Alright, but let’s face it: we all want to go back to the fondue analogue, don’t we?! …so… Just as cheese and wine mix to create a delicious fondue, gas and dust swirl around white dwarfs, neutron stars, and black holes, creating spectacular accretion disks.
White Dwarfs: The Mild Emmental
White dwarfs are the mellow, steady remnants of stars (such as our Sun), much like Emmental cheese. Their size is similar to the Earth and their accretion disks are relatively calm, with occasional outbursts, similar to the gentle bubbles in a perfectly heated fondue.
Neutron Stars: The Tangy Gruyère
„Neutron stars are stellar remnants so dense that a spoon of its matter has the weigh of a Mount Everest, with magnetic fields that are thousands to Millions times higher than the record steady magnetic field observed on the Earth“, explains Veledina. Neutron stars are denser and more energetic than White Dwarfs, so akin to the sharp flavour of Gruyère cheese: The intense magnetic fields and rapid spin of neutron stars make their accretion disks more dynamic and exciting, much like the zesty kick of Gruyère in your fondue mix.
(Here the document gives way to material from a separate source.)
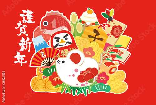 年賀状 年賀素材 2020 謹賀新年 子年 ねずみ 縁起物

Black Holes: The Robust Vacherin
Stellar-mass and supermassive black holes are left behind by most massive stars and those residing in the centres of galaxies, respectively. With their immense gravitational pull, black holes are the bold Vacherin cheese in our cosmic fondue. Their accretion disks are the most extreme, producing powerful jets and high-energy radiation, comparable to the rich, hearty flavour that Vacherin adds to the fondue pot.
Interdisciplinary Meetings: The Perfect Blend
Like the perfect fondue, scientific discoveries are best enjoyed in a warm, welcoming environment. ISSI in Bern, at the fore-front of the Swiss Alps, offers a neutral and beautiful setting for scientists to come together, share ideas, and stir the pot of knowledge. Imagine discussing accretion disks while enjoying the scenic views of the Swiss Alps and the historic charm of Bern.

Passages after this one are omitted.